## Task goal
Nothing but the lines from the one with "- ☆美品 ARC FRANCE" through the end of the data should be set down, each exactly as written, and no picture should be included.

## Data for this task

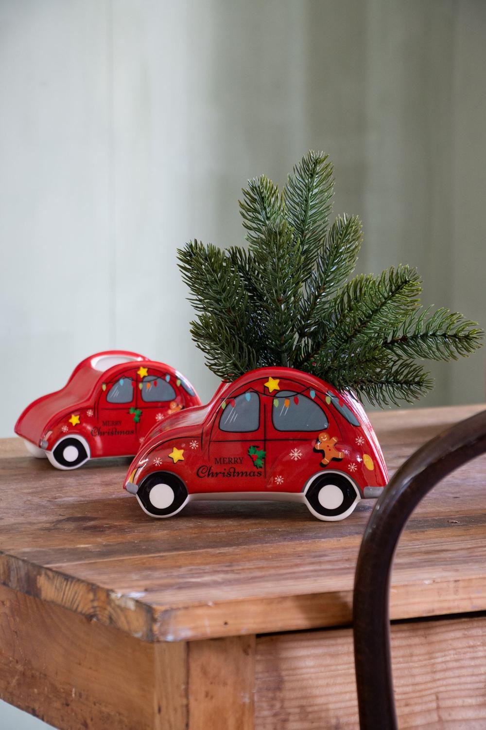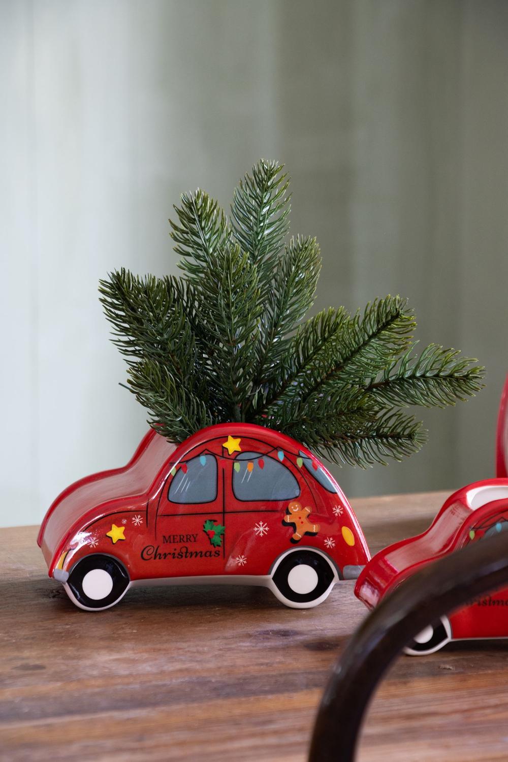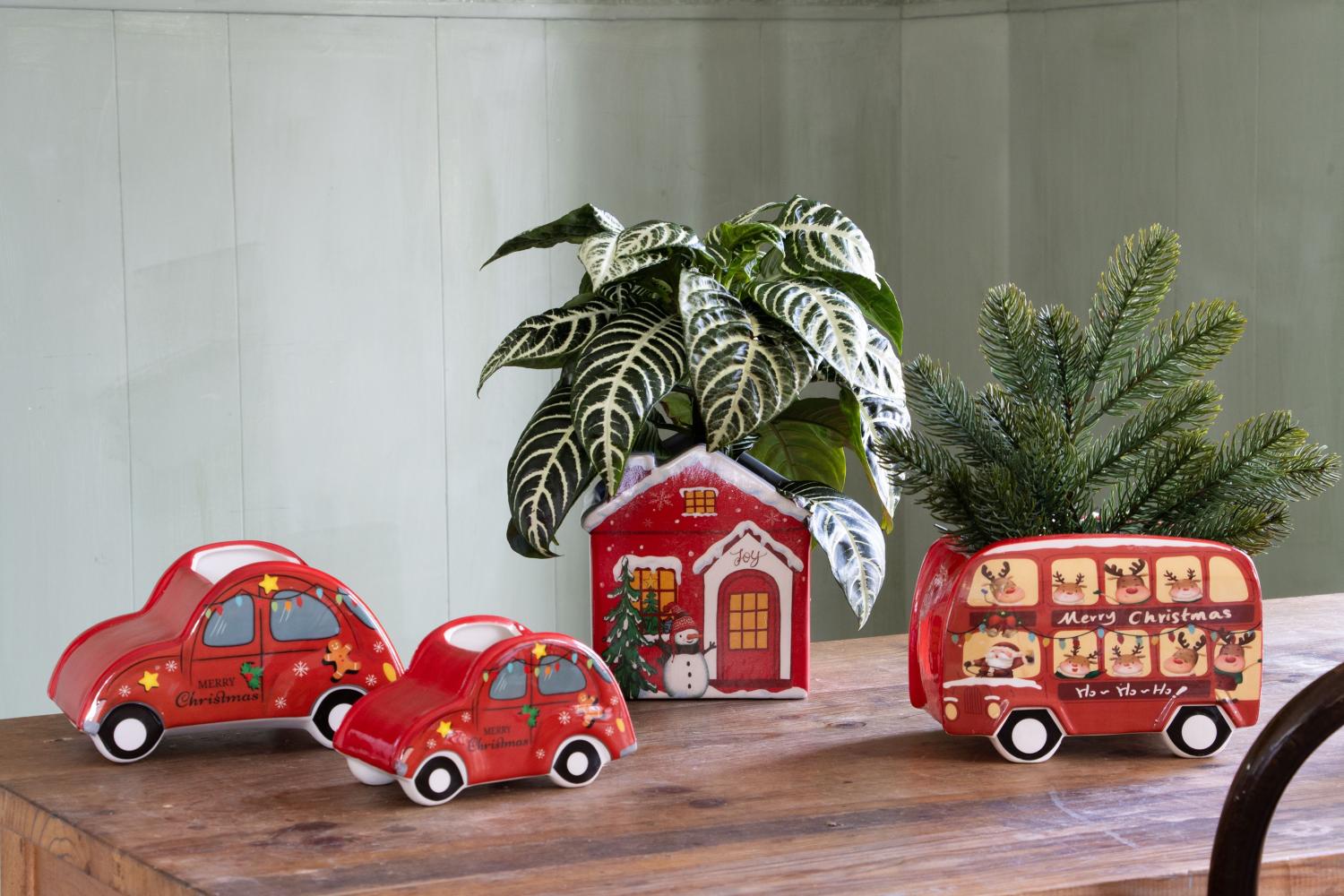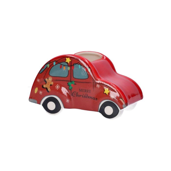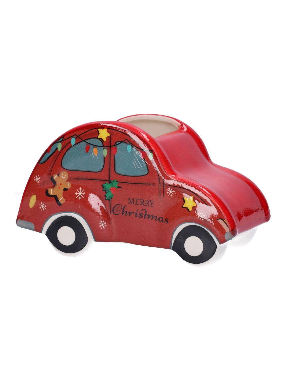 Ceramic Christmassy plant pot in car shape ARMAS, red, 19x12x11cm
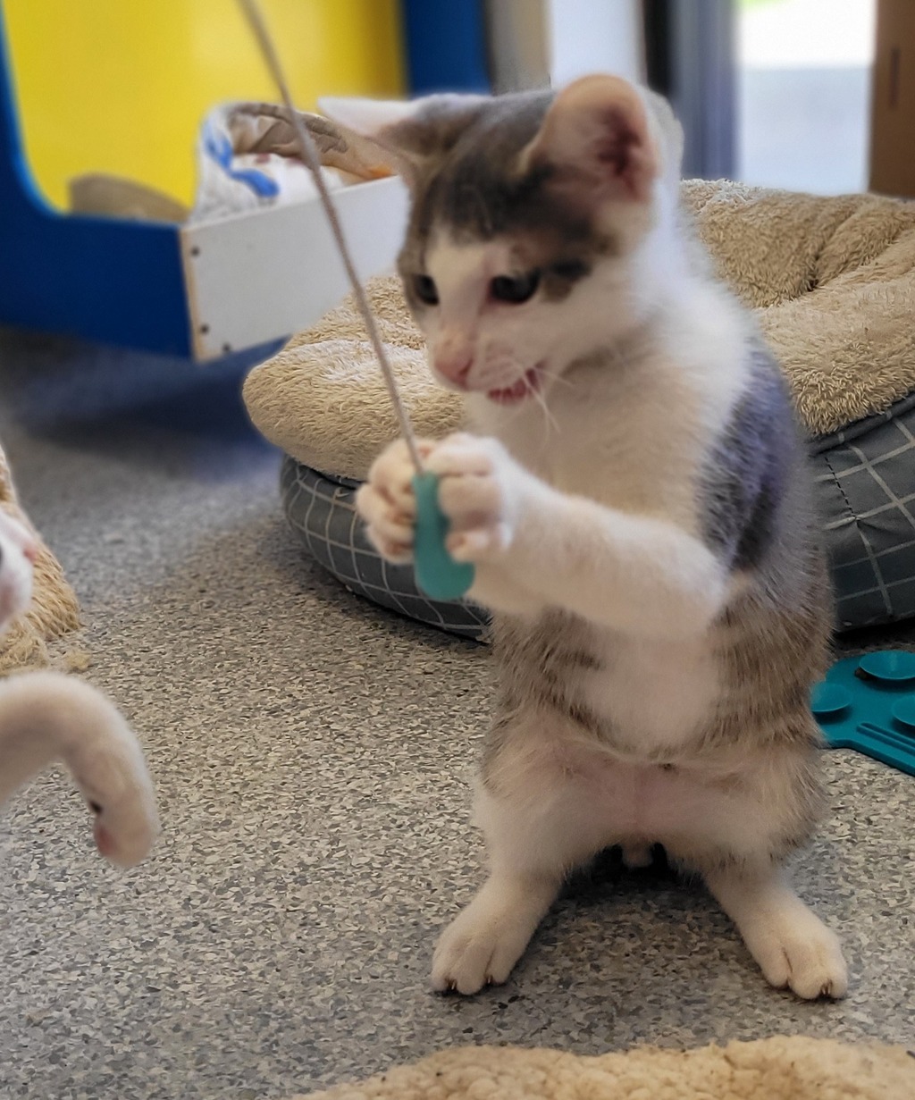 Do you like Dinosaurs? Because I loooove them! They are just so fascinating, and you can never learn enough! I'm on the hunt for a place to call home and a human to love and adore. As you've read this far, perhaps you're 'the one' I'm searching for? I love to romp, play, lounge around, sleep, eat, repeat. I'm a great listener too, so when you come home from your outings, I can perch nearby and you can tell me all about what you've been up to. And maybe we can even watch some dinosaurs on TV together! To keep me safe and healthy, I'm looking for an INDOOR lifestyle. This suits me just fine. I'll simply spend my time play with my toys, taking leisurely strolls to the food bowl and finding warm windowsills to laze on while I recharge my batteries... then I'm ready to roll again! My adoption fee includes me, my desexing, microchip and health check and makes sure I'm up to date with vaccinations, worming and flea treatments!
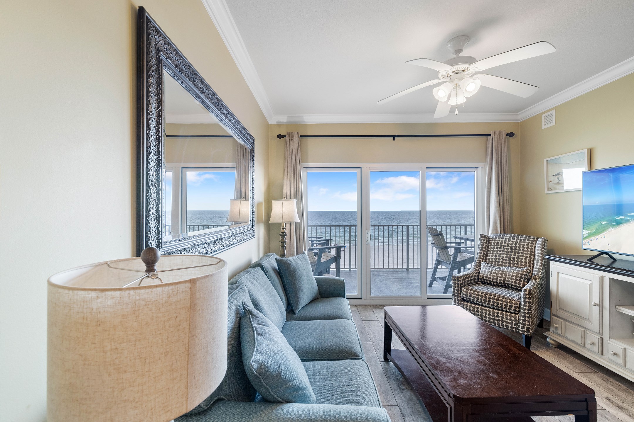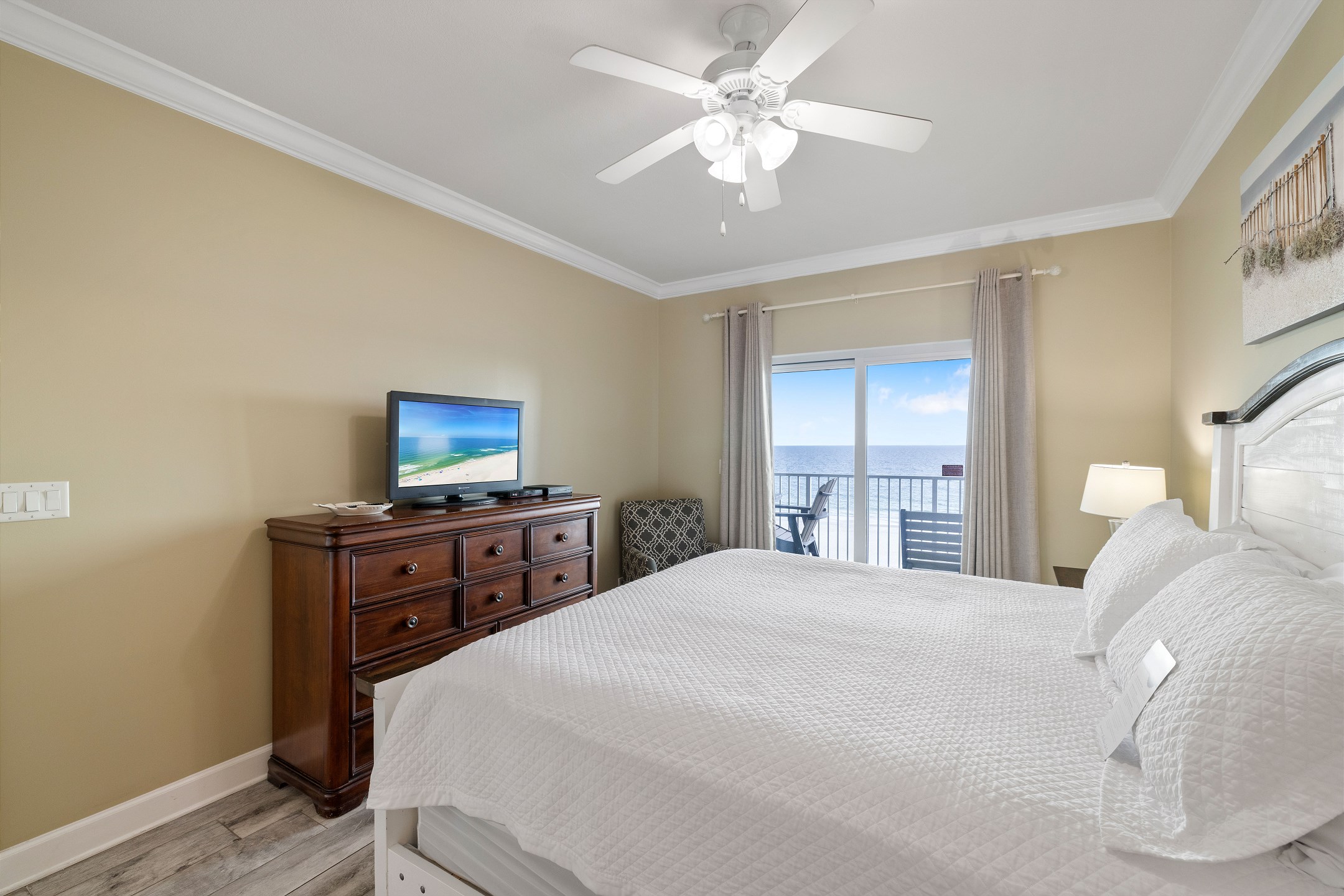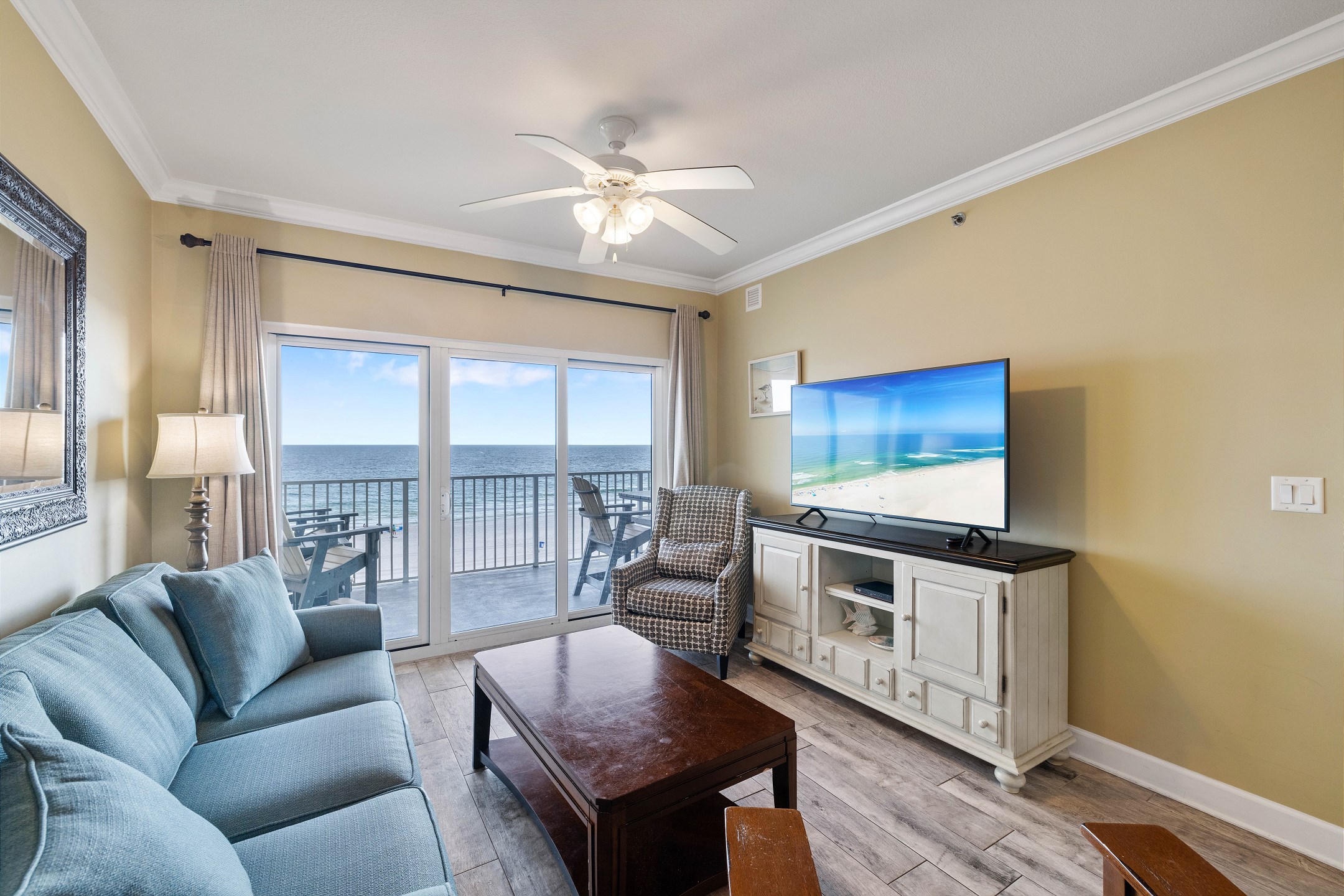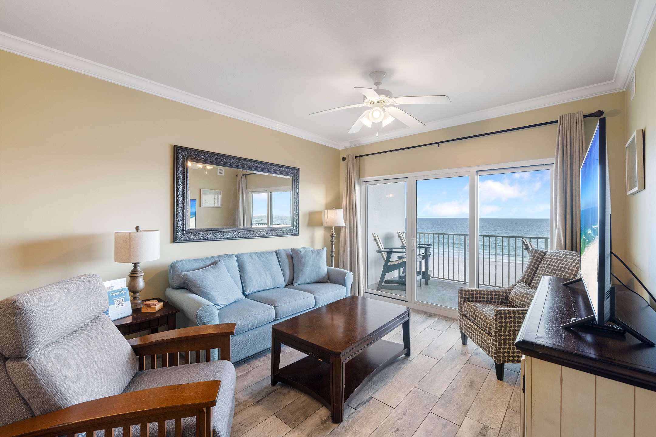Nestled on the 4th floor of this Gulf Shores retreat, Seawind 406 offers a serene coastal escape. Step inside to discover a Primary suite fit for royalty, boasting a plush King bed, a walk-in closet, a flat-screen TV, balcony access, and a private bath. The second bedroom features a cozy Queen bed and a flat-screen TV, while the third bedroom provides a full-sized bed for additional sleeping space for guests. In the living room, a sofa sleeper offers extra accommodations, along with a large flat-screen TV and balcony access where you can soak in mesmerizing Gulf views.
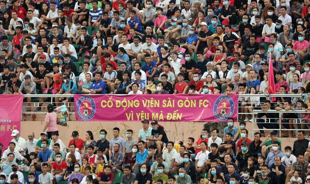 Tưng bừng nhất ở các khán đài là giới cổ động viên Sài Gòn FC "vì yêu mà đến" lúc nào cũng sôi nổi dù đội nhà đang thua...
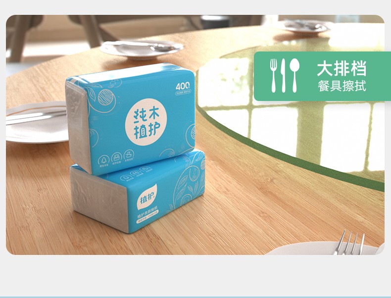 植护 蓝色大包餐巾抽纸100抽*4包
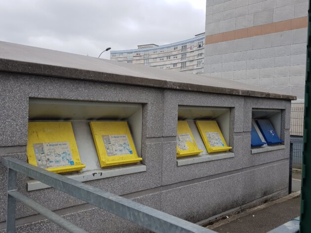 Sur les parkings de ces immeubles d’habitat collectif, les anciens containers de tri sont en effet toujours là. Vestiges d’un passé lointain (personne ne semble se rappeler des dates précises dans la cité). Il y a les couvercles bleus d’un côté, jaunes de l’autre. À tel point qu’un passant pourrait croire que le tri existe toujours. Mais il suffit d’ouvrir les poubelles pour comprendre : tout est mélangé. Des cartons de couches, avec des déchets ménagers classiques, et des canettes de soda. Quelques végétaux aussi. Et aucune notice explicative, comme il en existe habituellement sur les containers de tri.
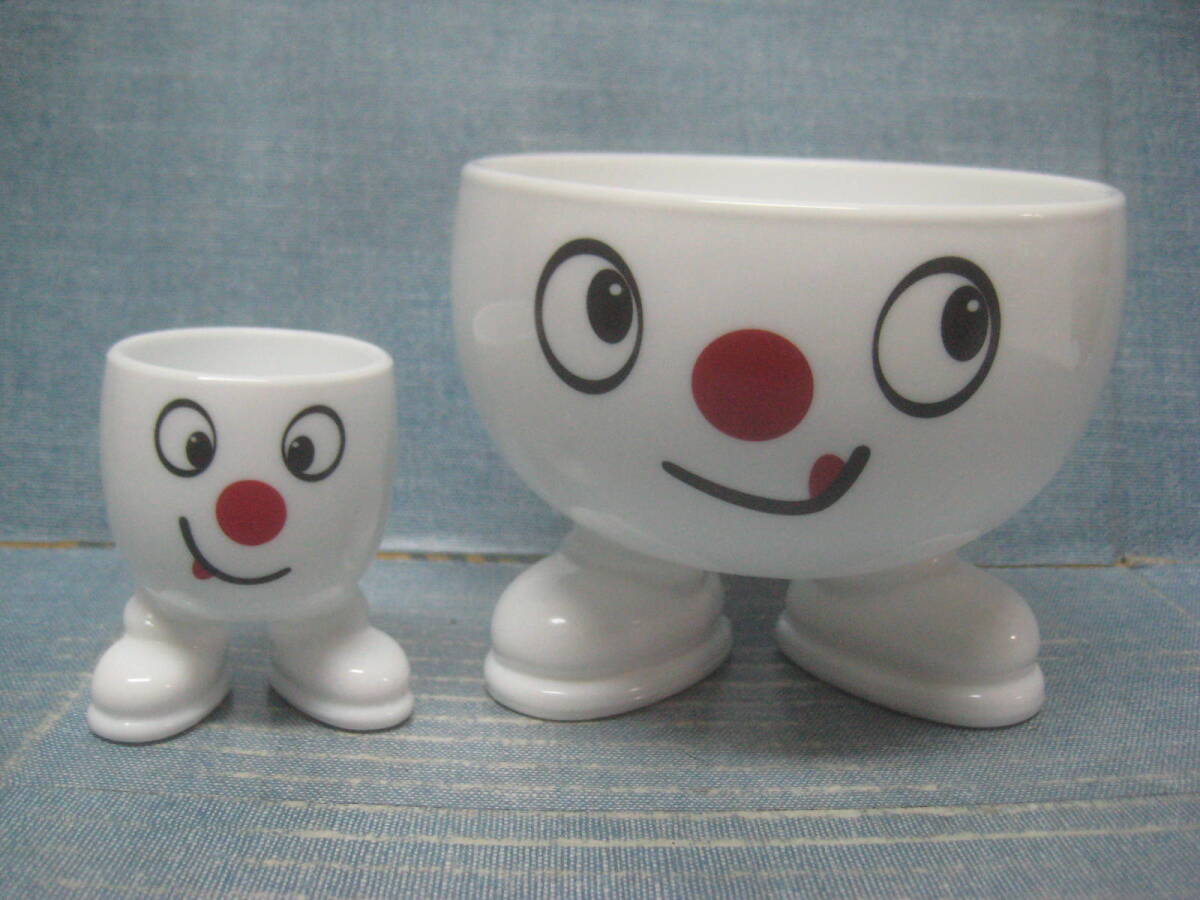 - ☆美品 ARC FRANCE オールドモデル 食器 フェイス柄 足つきボール エッグスタンド セット 希少 レア ① ☆
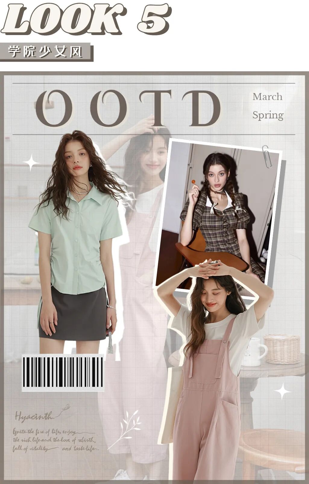 最后一套精准狙击了我的少女心,白色T恤+粉色背带裤的组合好少女,显白显嫩又减龄,永远穿不腻!
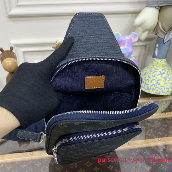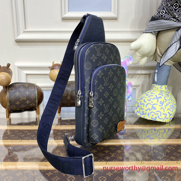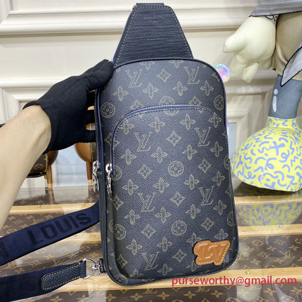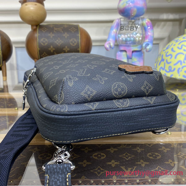 An alternative to the classic backpack, the Avenue Sling Bag is made from Monogram canvas in a colorway inspired by House’s vintage notebooks. Dark-green Monogram Blossoms and LVs on a dark background bring a vintage chic feel. The single “smart” strap can be adjusted for left-side or right-side carry.
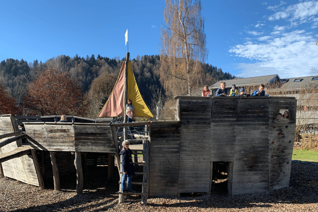 Mit einem echten Holzboot, das der Spielplatz einfach so bietet, sind wir in "See gestochen" und durften uns in die Jünger und Jüngerinnen hineinversetzen, die damals mit Jeus unterwegs waren.

## Answer area
 - ☆美品 ARC FRANCE オールドモデル 食器 フェイス柄 足つきボール エッグスタンド セット 希少 レア ① ☆
 最后一套精准狙击了我的少女心,白色T恤+粉色背带裤的组合好少女,显白显嫩又减龄,永远穿不腻!
 An alternative to the classic backpack, the Avenue Sling Bag is made from Monogram canvas in a colorway inspired by House’s vintage notebooks. Dark-green Monogram Blossoms and LVs on a dark background bring a vintage chic feel. The single “smart” strap can be adjusted for left-side or right-side carry.
 Mit einem echten Holzboot, das der Spielplatz einfach so bietet, sind wir in "See gestochen" und durften uns in die Jünger und Jüngerinnen hineinversetzen, die damals mit Jeus unterwegs waren.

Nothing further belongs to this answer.